A series may be created using array-like mechanisms, and they share the same 
primitive dtype system that NumPy arrays use. The following example creates 
a series of 64-bit floats:

In [None]:
pd.Series([42, 43, 44], dtype='f8')

The following shows a series s with various particle names used as the index and the
values representing the number of the associated particle that a detector has seen:

In [None]:
s = pd.Series([42, 43, 44], 
      index=["electron", 
             "proton", 
             "neutron"])

In [None]:
s

In [None]:
s['electron']

In [None]:
# inclusive bounds
s['electron':'proton']

In [None]:
# integer indexing still OK
s[1:]

Series may also be created from dictionaries.

In [None]:
t = pd.Series({'electron': 6, 
              'neutron': 28, 
              'proton': 496, 
              'neutrino': 8128})

In [None]:
t

Arithmetic can be peformed on series, on the index. 
Can you explain why neutrino is NaN in the following case?

In [None]:
s + t

## DataFrames

We can create a data frame from a dictionary of arrays, lists, or series. The
keys of the dictionary become the column names. 

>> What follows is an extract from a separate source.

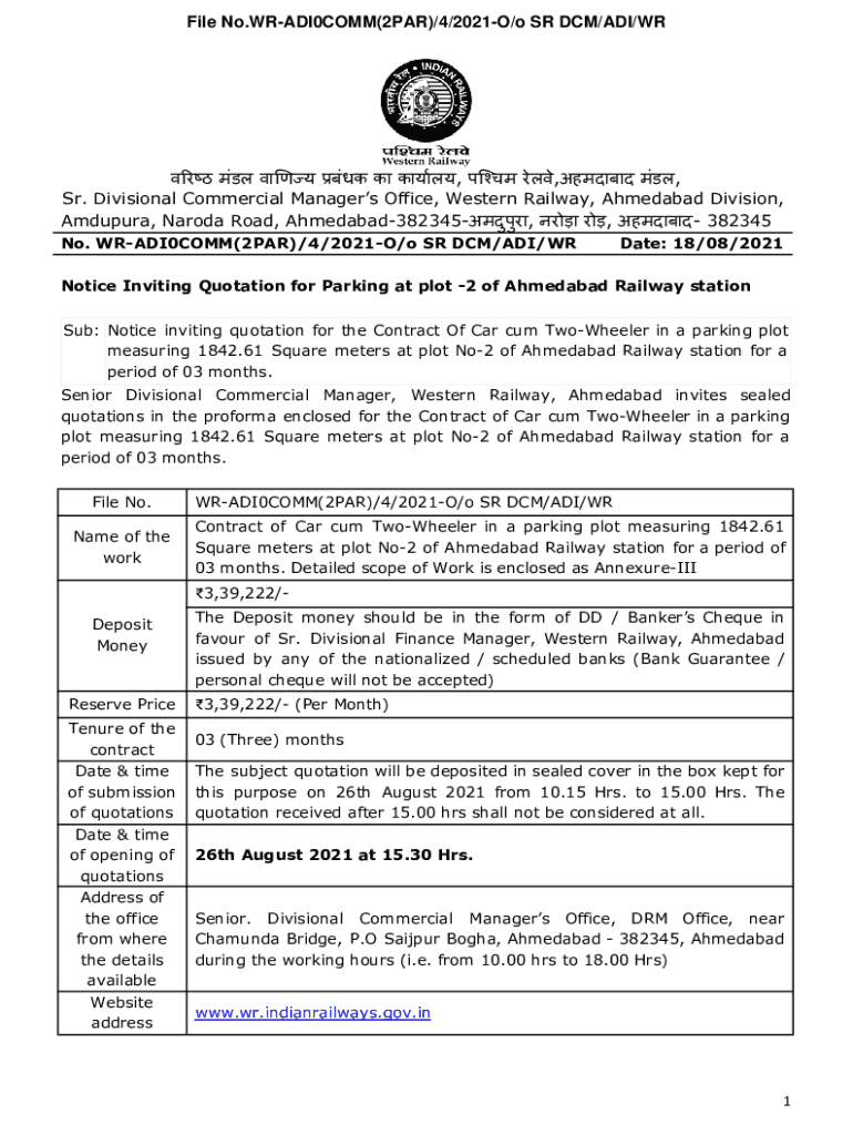 File No.WRADI0COMM(2PAR)/4/2021O/o SR DCM/ADI/WR, ,, Sr. Divisional Commercial Managers Office, Western Railway, Ahmedabad Division, Amdupura, Baroda Road, Ahmedabad382345, 382345 No. WRADI0COMM(2PAR)/4/2021O/o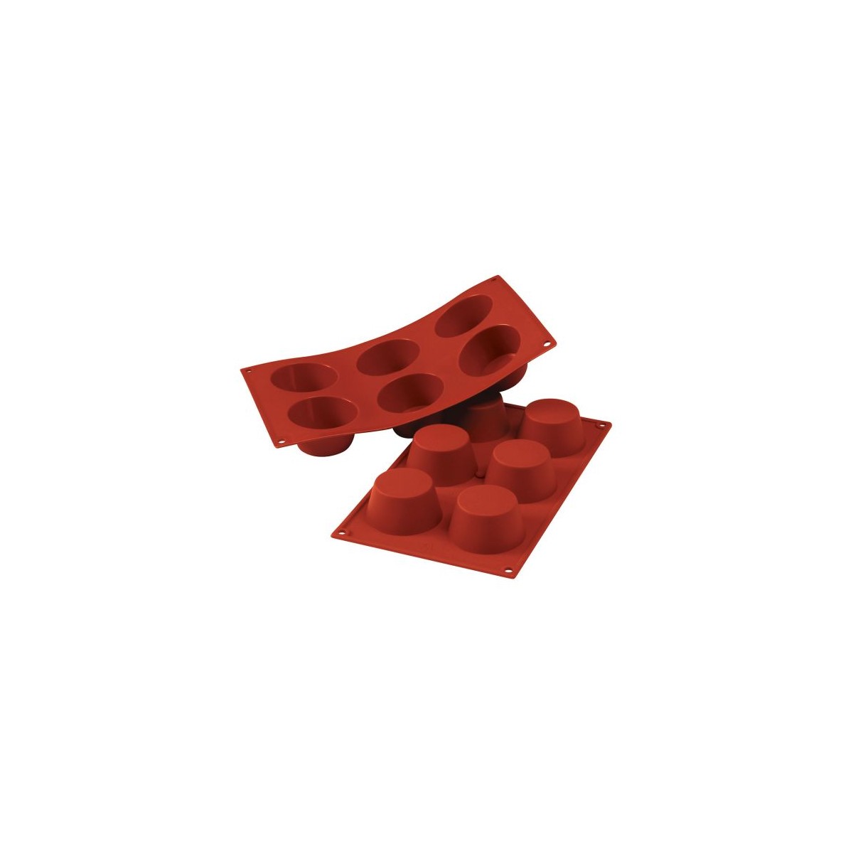 Gli stampi in silicone FORMAFLEX sono progettati per offrire creatività e precisione nella realizzazione di monoporzioni e mignon, sia dolci che salate. Questo modello presenta 6 impronte da Ø 70 mm con altezza 40 mm e volume 130 ml, perfette per preparazioni eleganti e uniformi.

1) Reusing the definitions of s and t from before, create a data frame called df.

In [None]:
df = pd.DataFrame({'S': s, 'T': t})

In [None]:
df

2) Slice every other element

In [None]:
df[::2]

3) Add a new index to the data frame and value to S.

In [None]:
dg = df.append(pd.DataFrame({'S': [-8128]}, index=['antineutrino']))
dg

4) Delete the neutron index.

In [None]:
dh = df.drop('neutron')
dh

You may also easily transpose the rows and columns via the T attribute, as seen here:

In [None]:
df.T

## Masks
Boolean logic can be applied to a whole data frame. This creates a 'Mask.'

In [None]:
df < 42

### Using a Mask
1. Create a mask called mymask that returns true for even numbers, false for odd.
2. Call mask() on the df, providing mymask as an argument. 
3. What is the result? Why?
4. Discuss with your neighbor... How might masks be useful in analysis?

In [None]:
mymask = df % 2 == 0
mymask
df.mask(mymask)

In [None]:
# accessing a single column 
# will return a series
df['T']

In [None]:
# setting a name to a series
# or expression will add a 
# column to the frame
df['small'] = df['T'] < 100
df

In [None]:
# deleting a column will
# remove it from the frame
del df['small']
df

## Data Structures Wrap-up


You should now be familiar with the following
concepts:
- Series are like NumPy arrays but with more generic indexing capabilities.
- DataFrames are like tables with series as columns.
- DataFrames handle missing data through NaN values.